** RECORDS SHOWN **
+---+
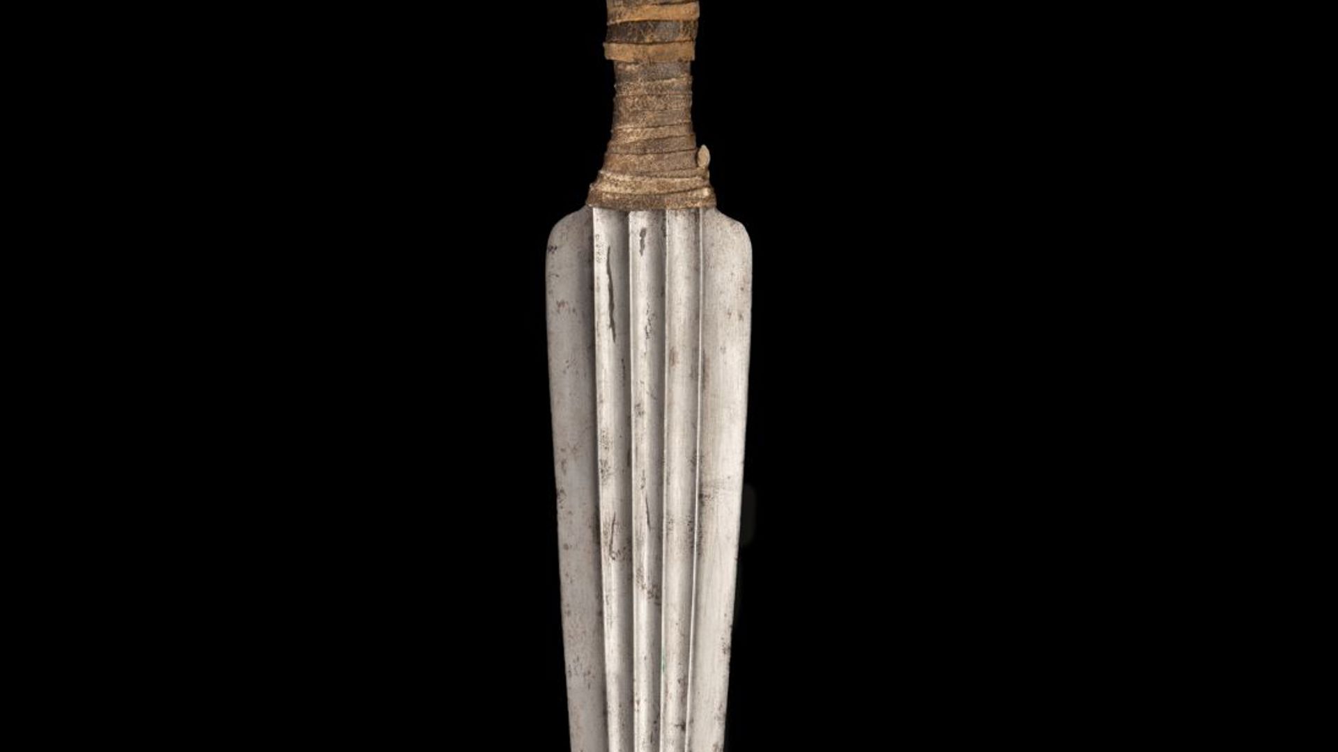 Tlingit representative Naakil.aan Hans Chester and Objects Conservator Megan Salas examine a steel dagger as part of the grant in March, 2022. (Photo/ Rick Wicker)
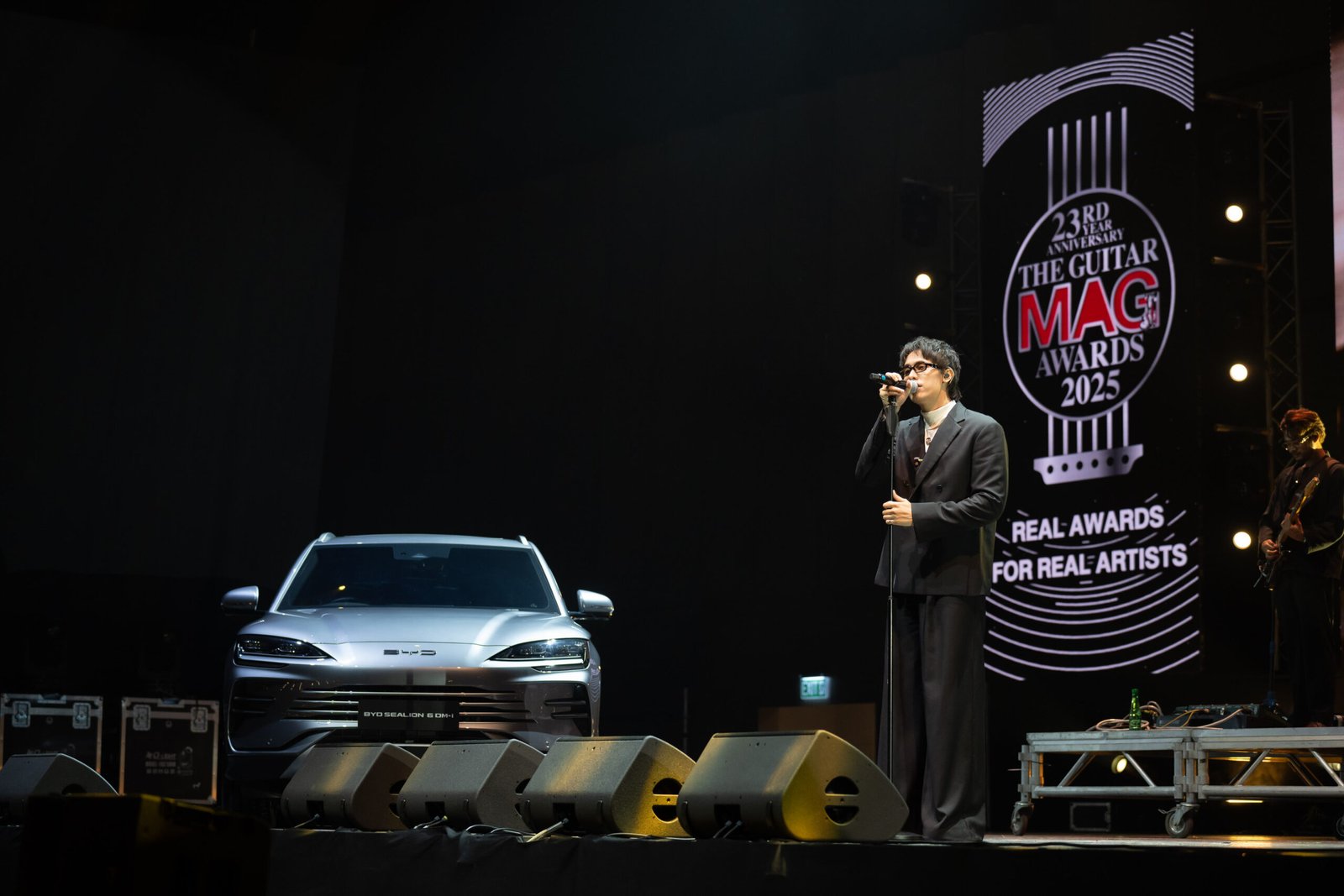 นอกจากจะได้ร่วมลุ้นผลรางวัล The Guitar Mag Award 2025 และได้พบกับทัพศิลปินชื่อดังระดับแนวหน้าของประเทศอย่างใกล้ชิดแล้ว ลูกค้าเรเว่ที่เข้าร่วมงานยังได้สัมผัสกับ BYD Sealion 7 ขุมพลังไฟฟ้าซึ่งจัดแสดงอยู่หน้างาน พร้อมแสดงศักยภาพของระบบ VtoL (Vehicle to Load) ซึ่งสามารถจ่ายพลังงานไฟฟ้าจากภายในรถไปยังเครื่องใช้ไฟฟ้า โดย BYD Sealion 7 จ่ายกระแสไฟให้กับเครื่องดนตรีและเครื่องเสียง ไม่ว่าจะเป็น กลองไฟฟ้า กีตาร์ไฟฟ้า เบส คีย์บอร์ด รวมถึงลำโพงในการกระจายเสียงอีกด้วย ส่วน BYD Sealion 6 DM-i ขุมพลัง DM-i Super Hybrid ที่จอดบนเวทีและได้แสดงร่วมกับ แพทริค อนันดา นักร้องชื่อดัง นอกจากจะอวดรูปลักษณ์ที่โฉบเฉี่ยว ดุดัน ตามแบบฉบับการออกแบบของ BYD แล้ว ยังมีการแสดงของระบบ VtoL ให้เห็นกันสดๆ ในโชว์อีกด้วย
+---+
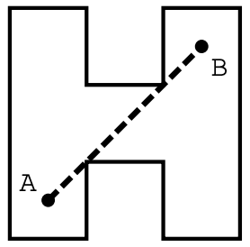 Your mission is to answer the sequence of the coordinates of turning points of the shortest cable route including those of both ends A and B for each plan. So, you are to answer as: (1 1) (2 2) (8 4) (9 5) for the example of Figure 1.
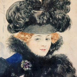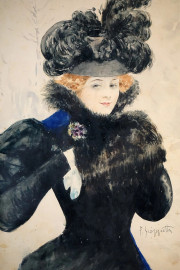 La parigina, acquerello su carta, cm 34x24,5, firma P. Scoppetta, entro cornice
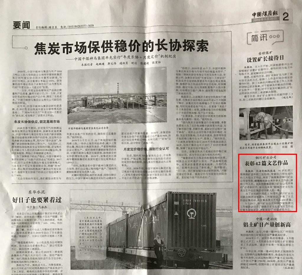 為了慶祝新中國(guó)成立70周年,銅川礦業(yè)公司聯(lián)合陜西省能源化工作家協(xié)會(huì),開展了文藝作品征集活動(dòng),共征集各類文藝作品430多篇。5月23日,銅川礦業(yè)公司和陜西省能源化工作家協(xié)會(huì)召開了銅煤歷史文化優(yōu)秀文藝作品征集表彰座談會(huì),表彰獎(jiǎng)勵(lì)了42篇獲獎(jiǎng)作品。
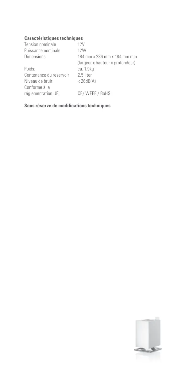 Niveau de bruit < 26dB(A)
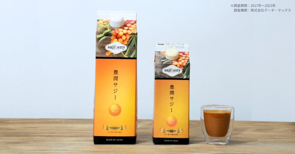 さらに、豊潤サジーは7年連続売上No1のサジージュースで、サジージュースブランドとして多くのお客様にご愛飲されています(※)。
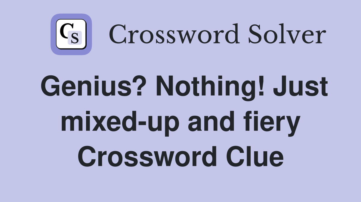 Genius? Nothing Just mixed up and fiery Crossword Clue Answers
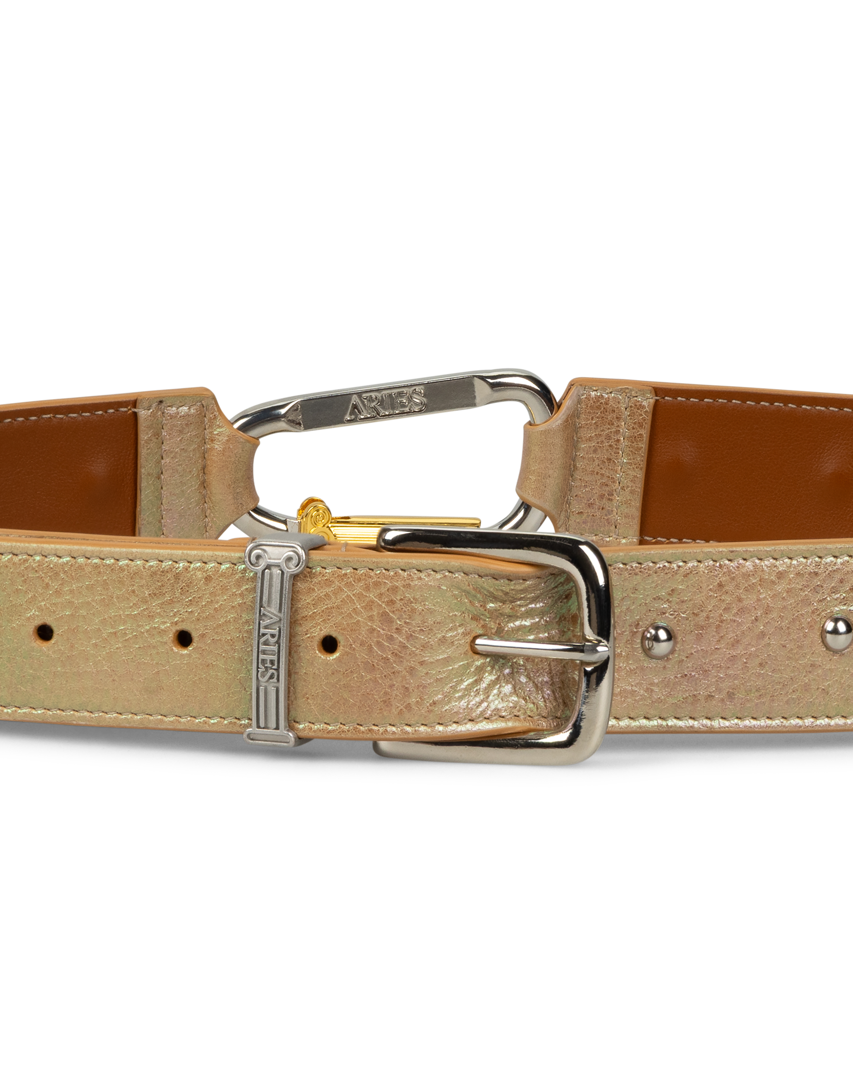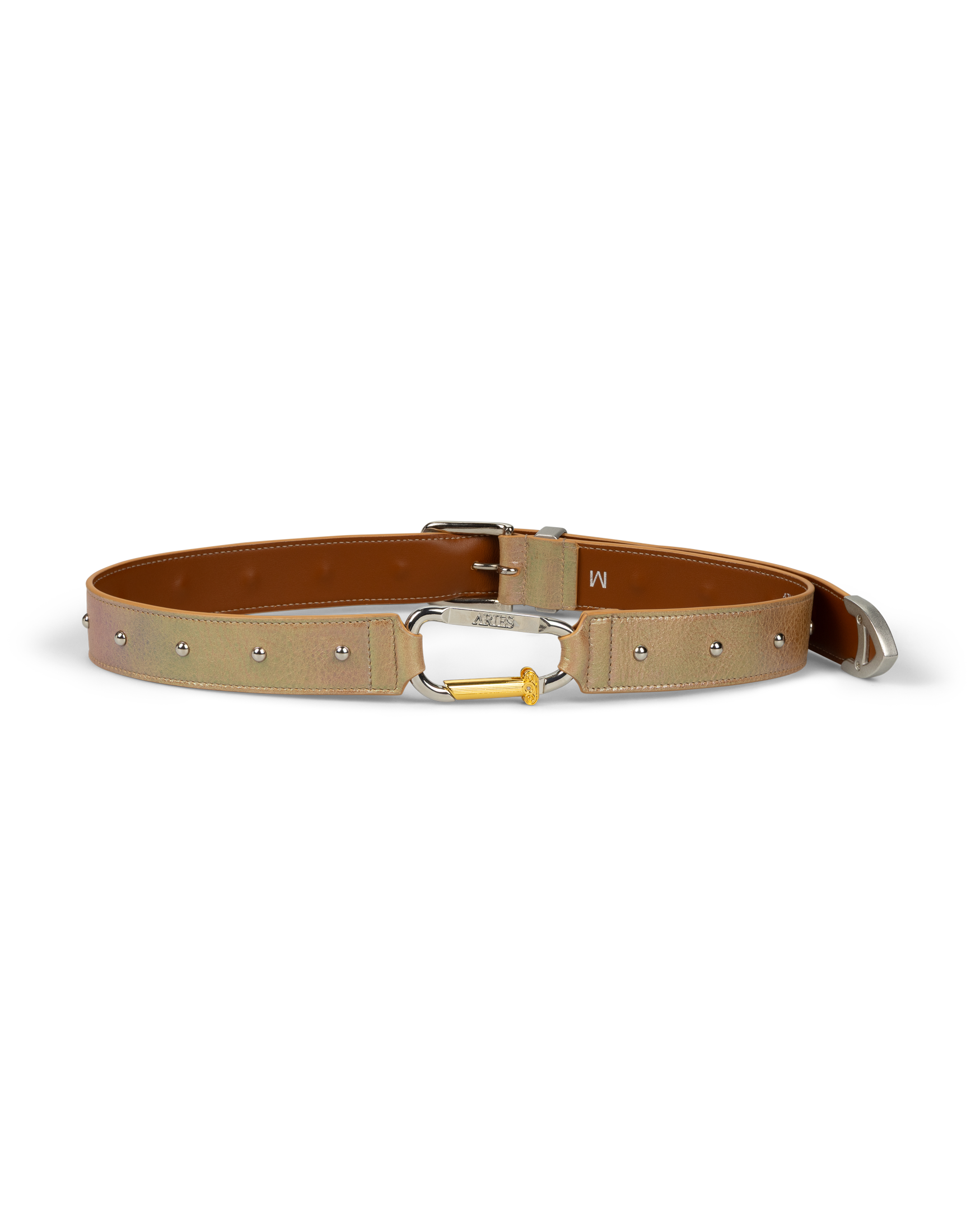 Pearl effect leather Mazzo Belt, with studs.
+---+
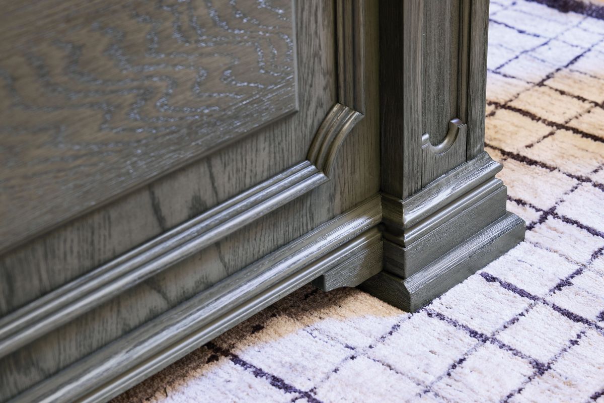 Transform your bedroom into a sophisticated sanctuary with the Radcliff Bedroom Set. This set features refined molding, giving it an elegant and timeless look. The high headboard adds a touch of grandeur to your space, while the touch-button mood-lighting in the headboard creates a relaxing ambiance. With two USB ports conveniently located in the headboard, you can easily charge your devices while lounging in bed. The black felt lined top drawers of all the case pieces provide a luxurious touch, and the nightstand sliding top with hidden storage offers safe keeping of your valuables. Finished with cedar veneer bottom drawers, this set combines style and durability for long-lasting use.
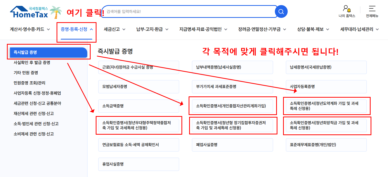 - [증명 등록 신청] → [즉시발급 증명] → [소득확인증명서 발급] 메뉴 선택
+---+
** WHAT THE EXERCISE ASKS **
Leaving all pictures out, output exactly the lines of the material above from the line with "さらに、豊潤サジーは7年連続" to the line with "Pearl effect leather Mazzo Belt, with studs.", both included.

** ANSWER FOR THE TASK **
 さらに、豊潤サジーは7年連続売上No1のサジージュースで、サジージュースブランドとして多くのお客様にご愛飲されています(※)。
 Genius? Nothing Just mixed up and fiery Crossword Clue Answers
 Pearl effect leather Mazzo Belt, with studs.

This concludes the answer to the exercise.